Records contained in a dataset:
=-=-=

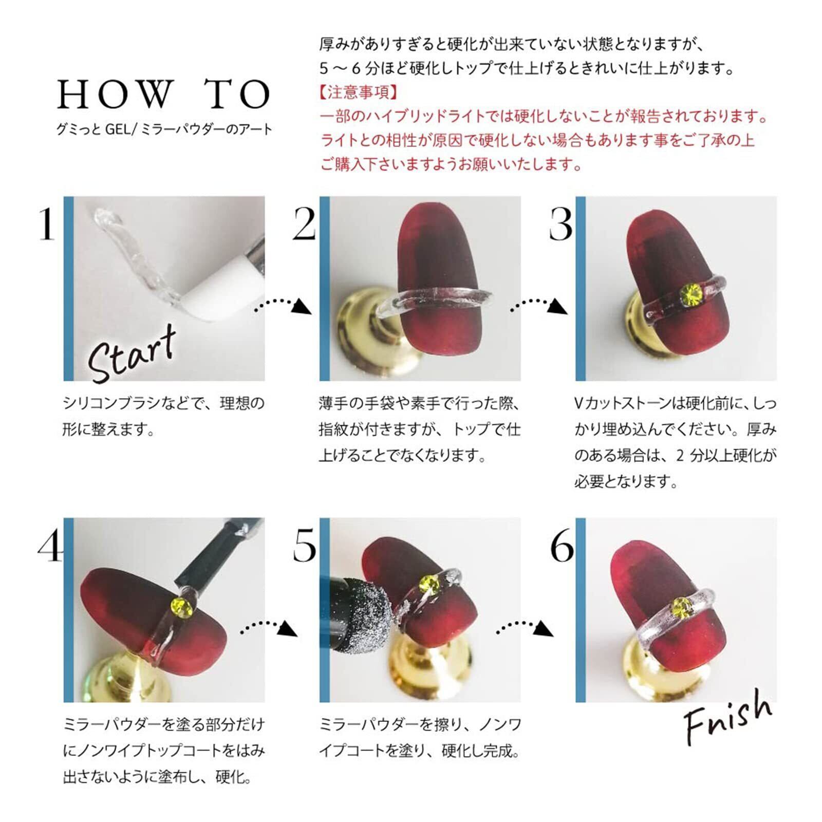 【ネイルチップ接着剤】ベースジェルの上に適量のグミッとジェルをのせ硬化するだけで強力にネイルチップを接着できます。熱いお湯でチップを外す事が可能なので、チップ側についたジェルを除去すればチップの使いまわしもできるので、デザインチェンジも容易にできます。
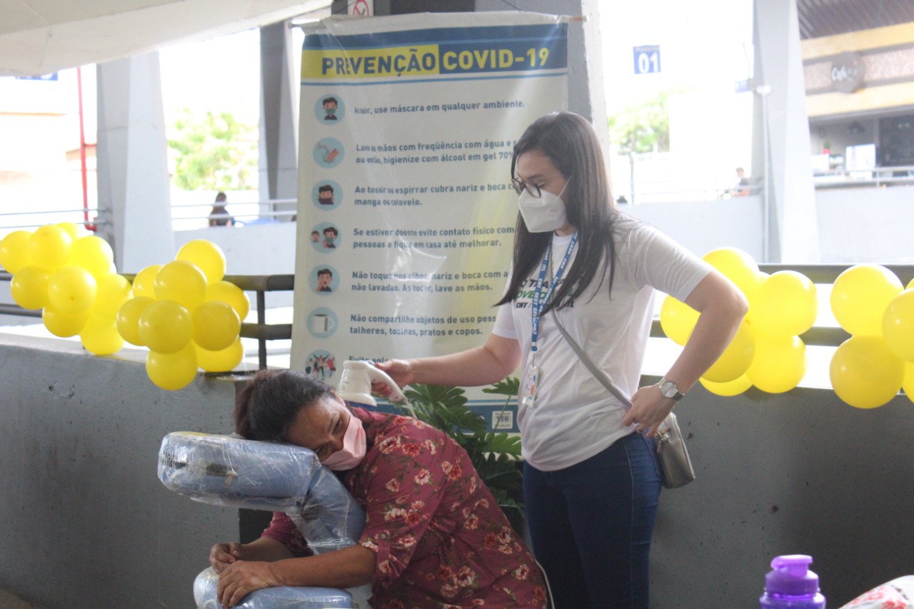 Fisoterapia na Rodoviária de Teresina (Foto: Raissa Morais)Além de informações sobre o uso de cinto de segurança, sessão de massoterapia e orientações sobre saúde mental, um café da manhã complementou a ação. “Nós trouxemos uma ótima equipe para mostrar que é preciso cuidar da postura, discutir saúde mental e também conhecer o que pode minimizar problemas de saúde e acidentes no trânsito”, disse Érica Campelo, coordenadora da ação.
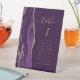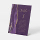 Der links Rand dieses eleganten modernen Hochzeitssockels mit Tischnummer besticht durch eine lila Aquarellgrenze, die mit Imitaten mit goldenem Glitzer bestickt wurde. Das Wort "Tabelle" erscheint in einem goldfarbenen Schriftsatz auf einem reichen Pflaumenhintergrund. Fügen Sie die Namen Ihrer Gäste hinzu, die jeder Tabelle zugeordnet sind.
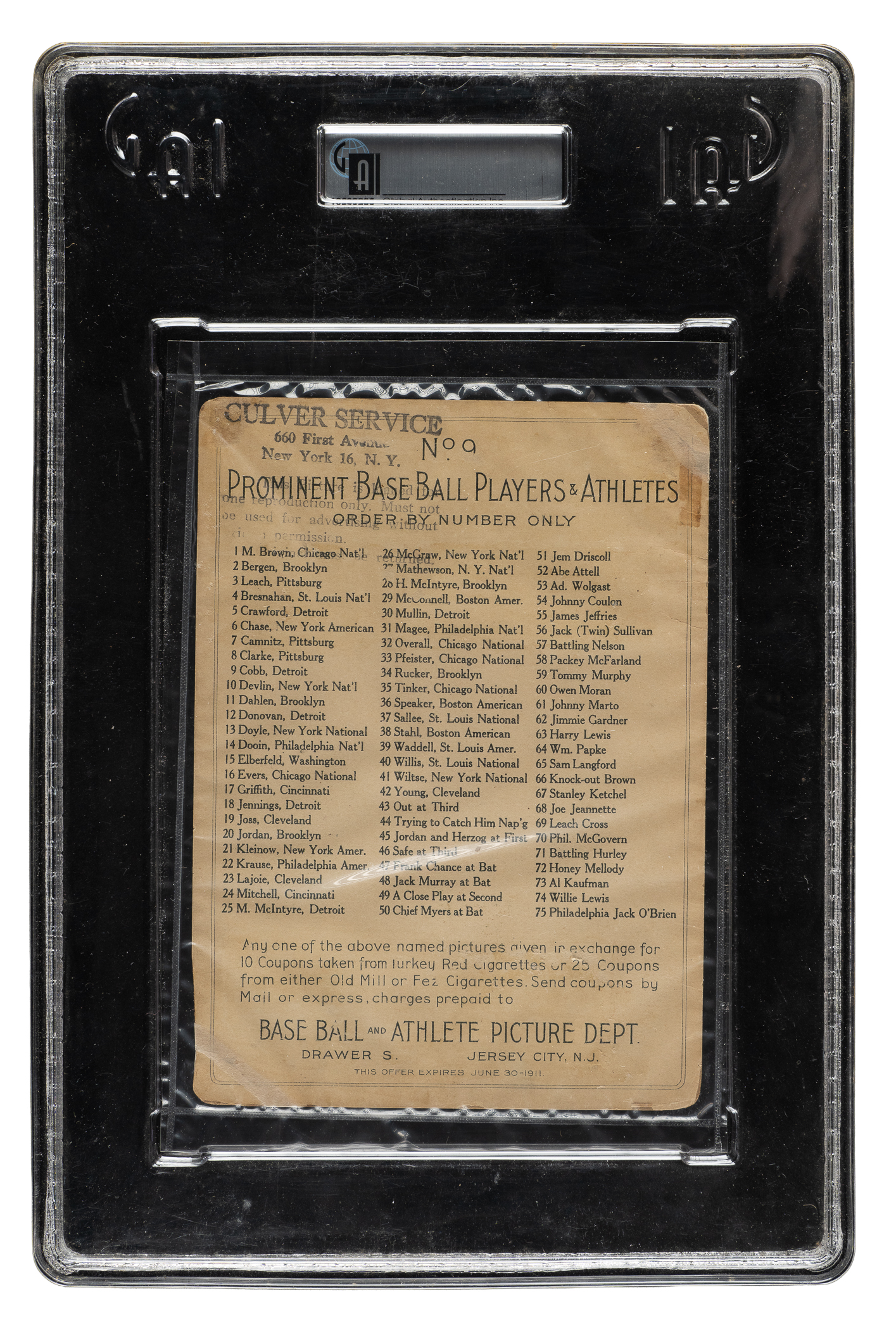 Presented is one of vintage-card collecting's most recognizable icons and the key card of the 1911 Turkey Red Tobacco cabinet-card series: #9 Ty Cobb. Besides being the most valuable card in the set, it is also one of the most desirable and striking of all Cobb cards. This example has vibrant colors, outstanding registration, and moderate corner wear. The checklist back (with offer) is boldly printed. Encapsulated as "Authentic" by GAI due to an irregular hand cut along the right edge. The card also displays heavy creasing and a "Culver Service" ink stamp on the reverse, as well as a few spots of paper loss. Despite these flaws, this is a presentable example of this classic card. The classic Turkey Red set is considered by many to be the most beautiful and well-made tobacco set ever issued. The T3 Ty Cobb has always been and will always be in high demand, especially a relatively affordable example such as this.
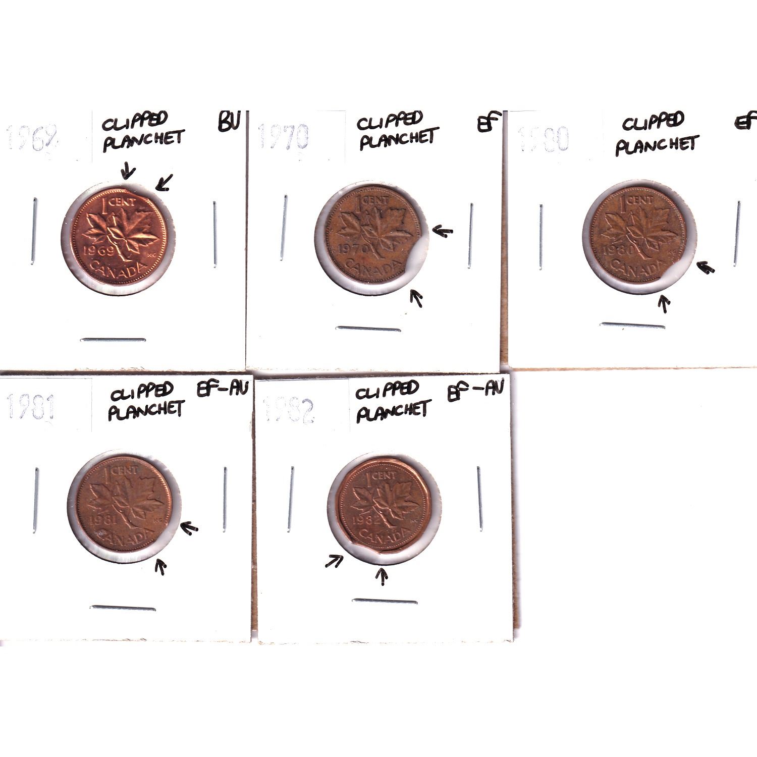 Error: Lot of 5 Canadian 1-cent with clipped planchets, Lot includes 1969, 1970, 1980, 1981, & 1982. Coins range from EF to BU. 5pcs
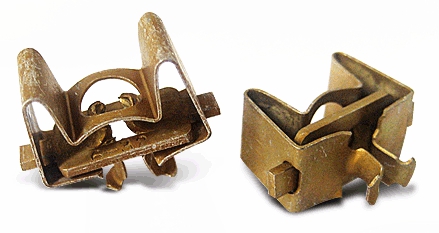 Cage type. Permit mounting of aircraft instruments from the front of the panel. No charge in panel or instrument design required. Non-magnetic (speed nut is brass; cage is phosphor bronze). Conform to MIL-N-3336. Cage is easily compressed with finger-pressure to allow insertion of legs into clearance holes. When fully inserted and pressure is released, legs spring apart; retain SPEED NUT in screw-receiving position. Turned down corners hold firm against force of in sert ing screw and screw-tightening torque. All instrument mounting nuts listed below take a 6-32 machine screw.
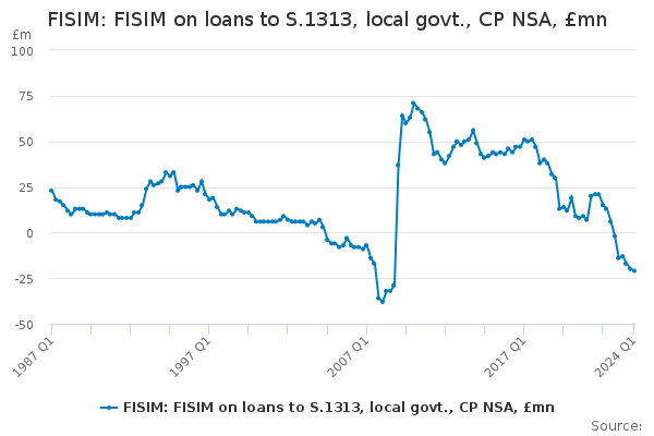Download this time seriesFISIM: FISIM on loans to S.1313, local govt., CP NSA, £mn
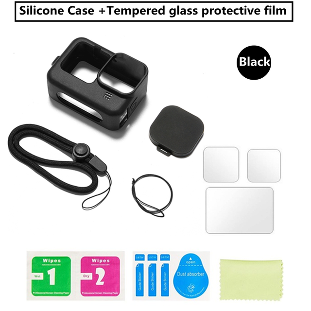Силиконовый чехол для GoPro Hero 12 11 10, черное закаленное стекло, защита экрана, защитная пленка, крышка для объектива, аксессуары для GoPro9
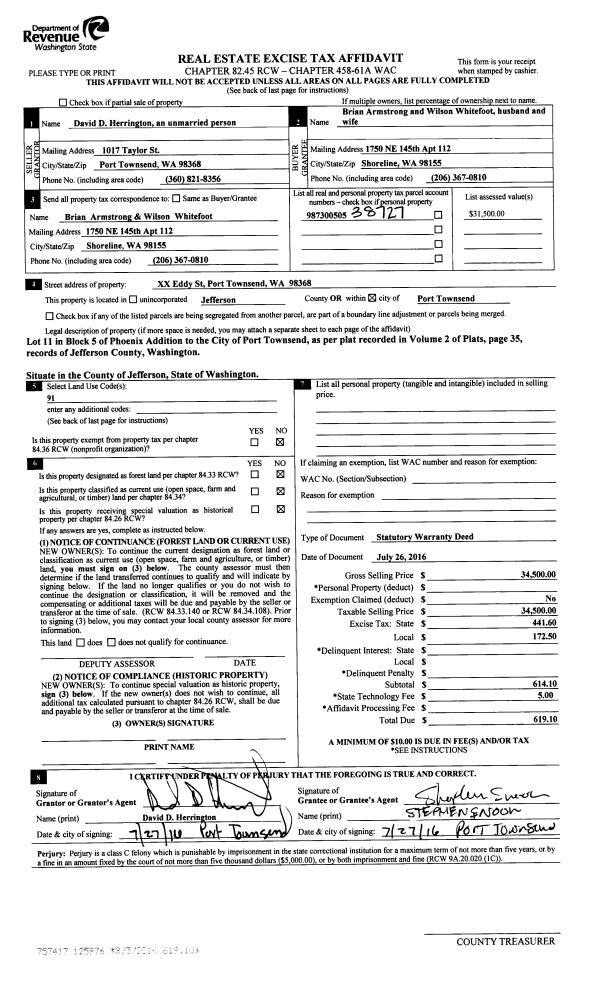 | 7 | 04/25/2002 | SWD | Statutory Warranty Deed | BONNIE BELLE ALDRED | LINNIA ARNTSON | 0 | 0 | $142,000.00 | 94561 | 0 |
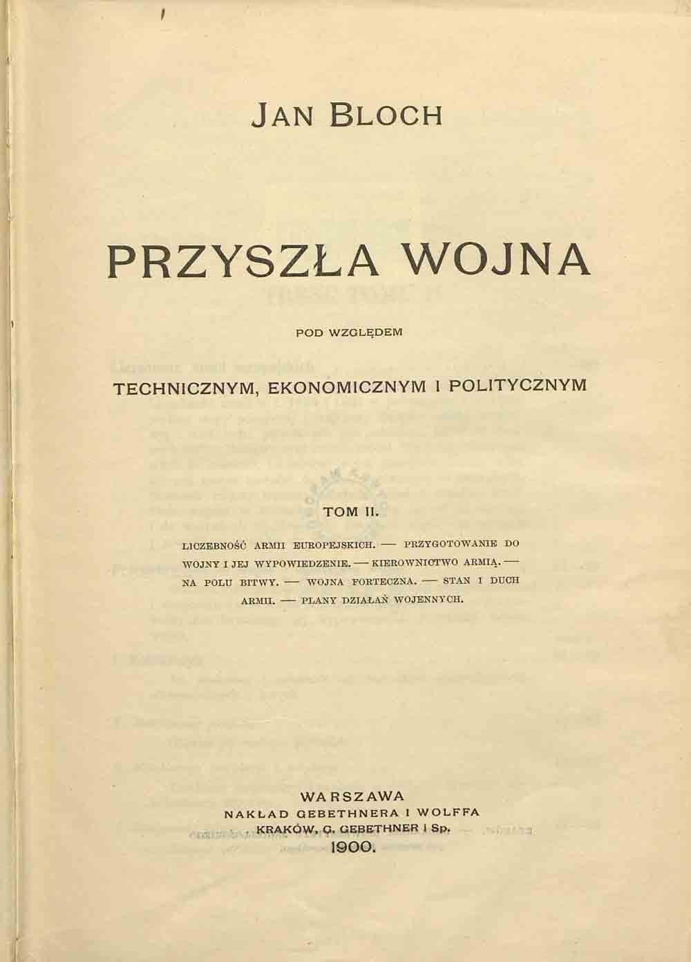 W latach 1893-1898 powstaje siedmiotomowe, antywojenne dzieło, „Przyszła wojna pod względem technicznym, ekonomicznym i politycznym”, w której zawarł i bronił tezy, iż wskutek postępu techniki, wojny nie mają sensu – prowadzą bowiem do całkowitego wyniszczenia społeczeństw.
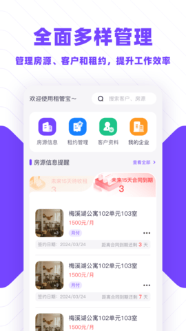1、全面管理:用户可以在一个平台上管理多个房源、客户和租约,提升整体工作效率。

=-=-=

Each line from the one with "W latach 1893-1898" through the final line of the records must be copied exactly, with no pictures and no additional lines.

YOUR RESPONSE:
 W latach 1893-1898 powstaje siedmiotomowe, antywojenne dzieło, „Przyszła wojna pod względem technicznym, ekonomicznym i politycznym”, w której zawarł i bronił tezy, iż wskutek postępu techniki, wojny nie mają sensu – prowadzą bowiem do całkowitego wyniszczenia społeczeństw.
1、全面管理:用户可以在一个平台上管理多个房源、客户和租约,提升整体工作效率。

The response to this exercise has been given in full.